• Work request
Write out all of the records precisely. Skip anything that is a picture.

═══

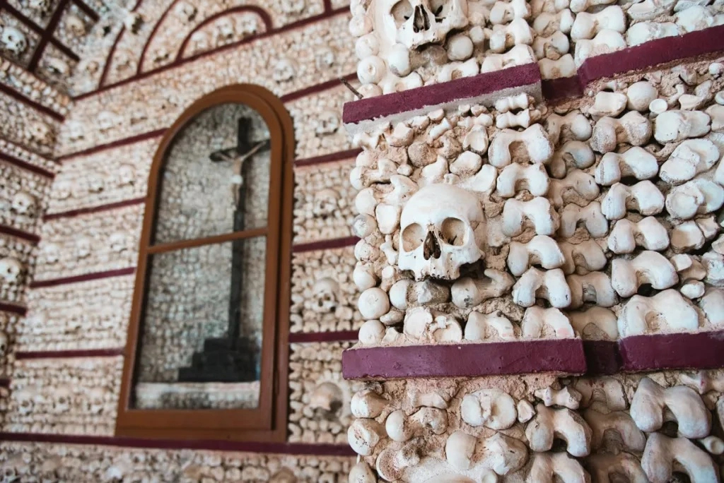 Capela Dos Ossos (Evora, Bồ Đào Nha): Capela Dos Ossos có nghĩa là "Nhà nguyện xương", nằm ở thành phố Evora của Bồ Đào Nha. Tường của nhà nguyện dưới lòng đất này được bao phủ bằng hài cốt. Không gian này được xây dựng từ thế kỷ 16, bởi một tu sĩ muốn khách tham quan chiêm nghiệm về sự ngắn ngủi của đời người. Ảnh: Loveofwanderlust.
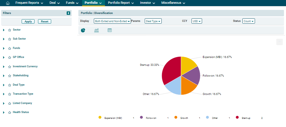 3. The Portfolio | Diversification window is displayed. It displays the data in the Pie Chart form based on the set parameters.
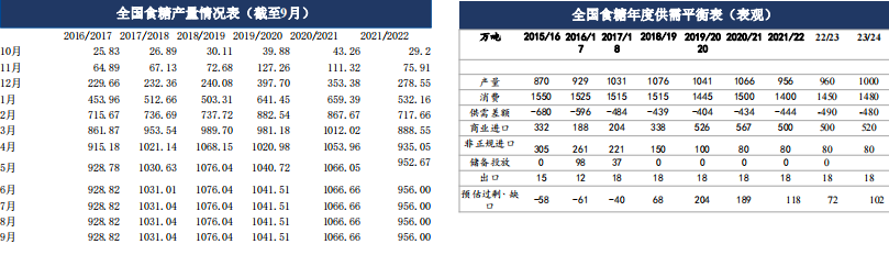 20/21榨季全國食糖產量在1066.66萬噸,同比去年小幅增加。2021/22榨季減產至960萬噸附近。
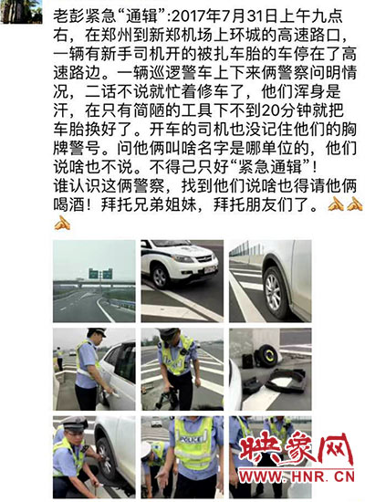 據(jù)介紹,7月31日9時(shí)許,河南省公安廳高速交警總隊(duì)一支隊(duì)執(zhí)勤民警徐玉成、余曉偉巡邏到機(jī)場高速與鄭州西南繞城高速互通處附近時(shí),看到北向南方向一輛白色轎車停在高速路邊,上前一看車輛前輪輪胎爆胎了,司機(jī)急著去開會(huì)卻不會(huì)修車,急得滿頭大汗卻無從下手,民警了解情況后,二話沒說在酷暑高溫天氣迅速幫司機(jī)把車胎換好,司機(jī)連聲表示感謝,由于當(dāng)時(shí)急著去開會(huì),沒有來得及問出民警姓名,于是就出現(xiàn)了開頭“緊急通緝”的一幕,公司領(lǐng)導(dǎo)和員工也紛紛轉(zhuǎn)發(fā)正能量,“通緝”找人。伸手幫一把,傳遞正能量一大片。
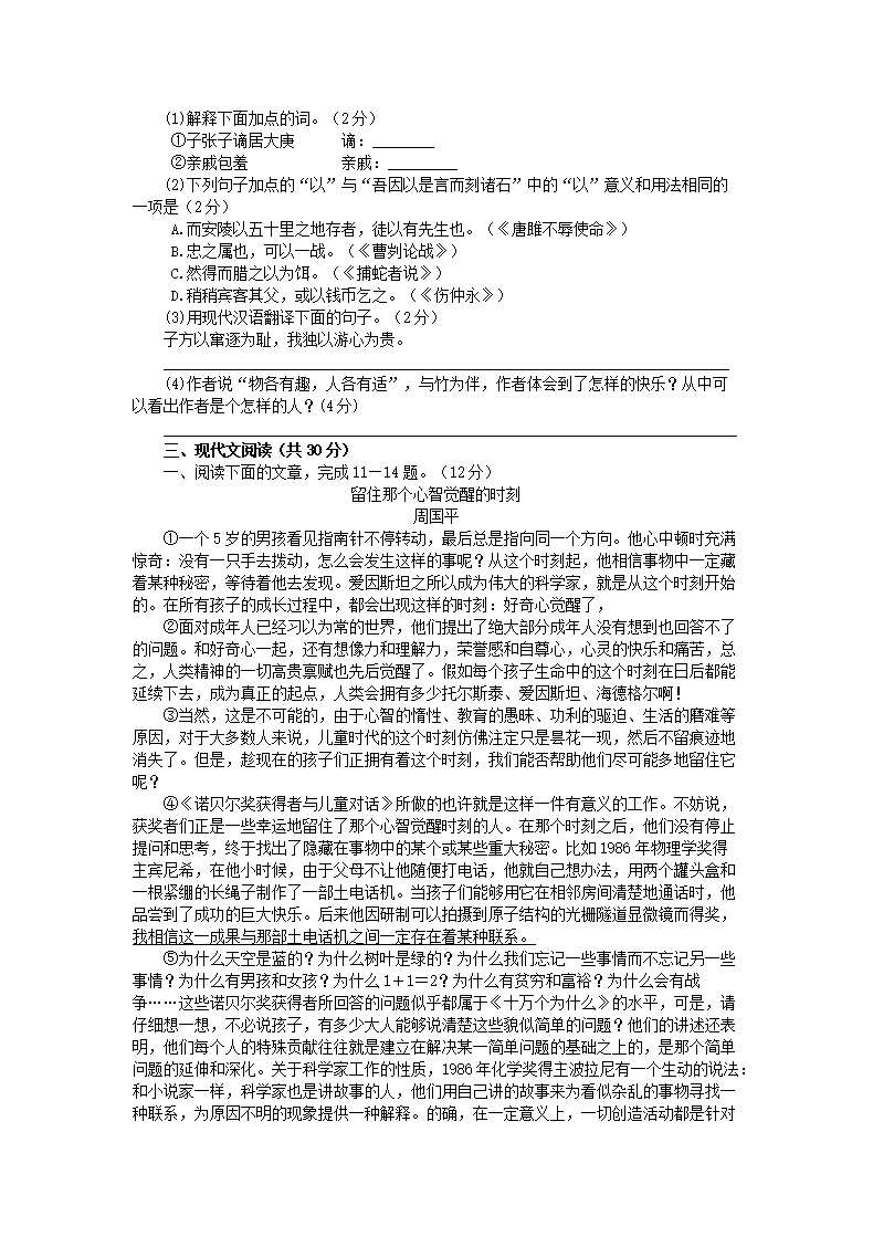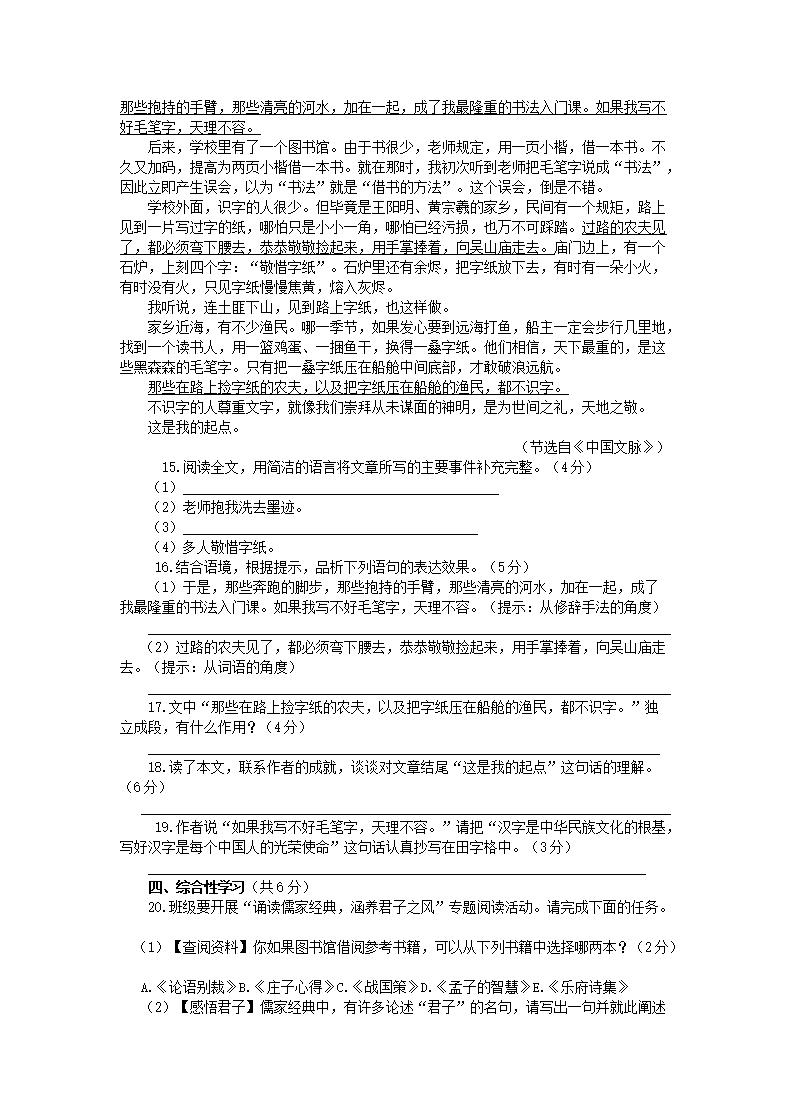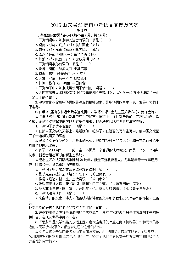 【文档名称】 2015山东省淄博市中考语文真题及答案(Word版).doc
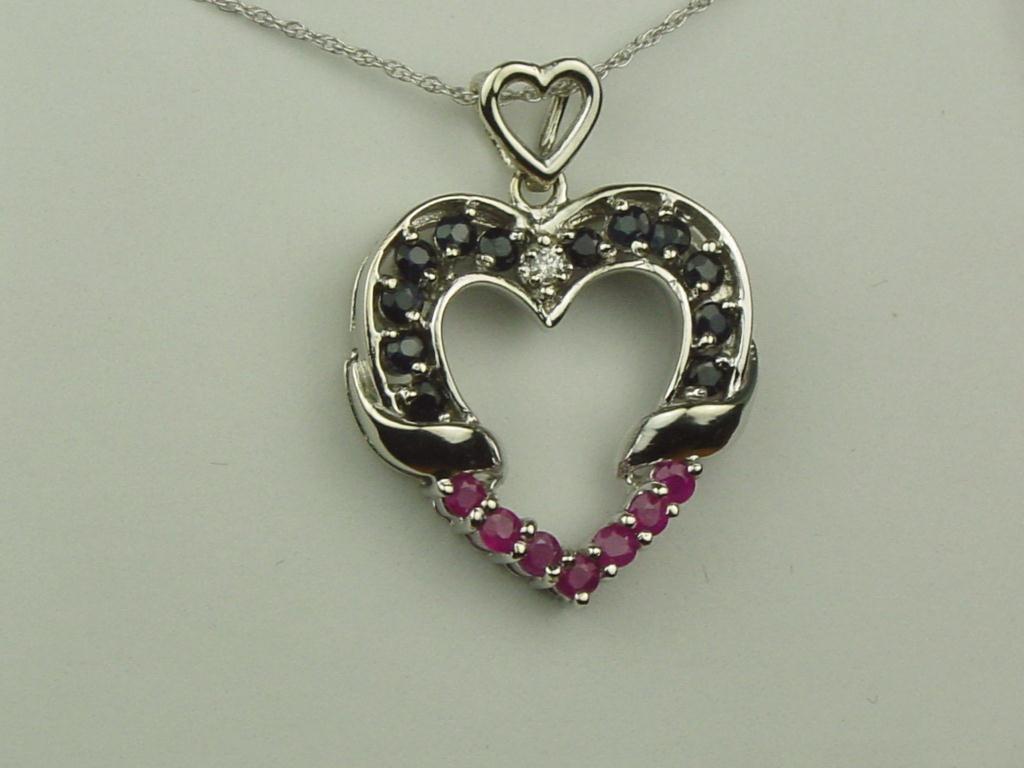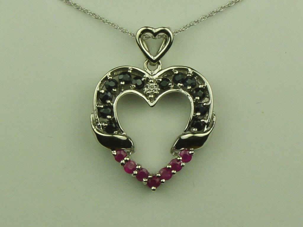 Attractive 14K WG Ladies Heart Design Pendant Fine set with over 20 round sapphires, rubies, and diamond weighing approx. 1.00 carat. Retail: $1,150.00Fine set with over 20 round sapphires, rubies, and diamond weighing approx. 1.00 carat. Retail: $1,150.00

═══

• Output of the exercise
 Capela Dos Ossos (Evora, Bồ Đào Nha): Capela Dos Ossos có nghĩa là "Nhà nguyện xương", nằm ở thành phố Evora của Bồ Đào Nha. Tường của nhà nguyện dưới lòng đất này được bao phủ bằng hài cốt. Không gian này được xây dựng từ thế kỷ 16, bởi một tu sĩ muốn khách tham quan chiêm nghiệm về sự ngắn ngủi của đời người. Ảnh: Loveofwanderlust.
 3. The Portfolio | Diversification window is displayed. It displays the data in the Pie Chart form based on the set parameters.
 20/21榨季全國食糖產量在1066.66萬噸,同比去年小幅增加。2021/22榨季減產至960萬噸附近。
 據(jù)介紹,7月31日9時(shí)許,河南省公安廳高速交警總隊(duì)一支隊(duì)執(zhí)勤民警徐玉成、余曉偉巡邏到機(jī)場高速與鄭州西南繞城高速互通處附近時(shí),看到北向南方向一輛白色轎車停在高速路邊,上前一看車輛前輪輪胎爆胎了,司機(jī)急著去開會(huì)卻不會(huì)修車,急得滿頭大汗卻無從下手,民警了解情況后,二話沒說在酷暑高溫天氣迅速幫司機(jī)把車胎換好,司機(jī)連聲表示感謝,由于當(dāng)時(shí)急著去開會(huì),沒有來得及問出民警姓名,于是就出現(xiàn)了開頭“緊急通緝”的一幕,公司領(lǐng)導(dǎo)和員工也紛紛轉(zhuǎn)發(fā)正能量,“通緝”找人。伸手幫一把,傳遞正能量一大片。
 【文档名称】 2015山东省淄博市中考语文真题及答案(Word版).doc
 Attractive 14K WG Ladies Heart Design Pendant Fine set with over 20 round sapphires, rubies, and diamond weighing approx. 1.00 carat. Retail: $1,150.00Fine set with over 20 round sapphires, rubies, and diamond weighing approx. 1.00 carat. Retail: $1,150.00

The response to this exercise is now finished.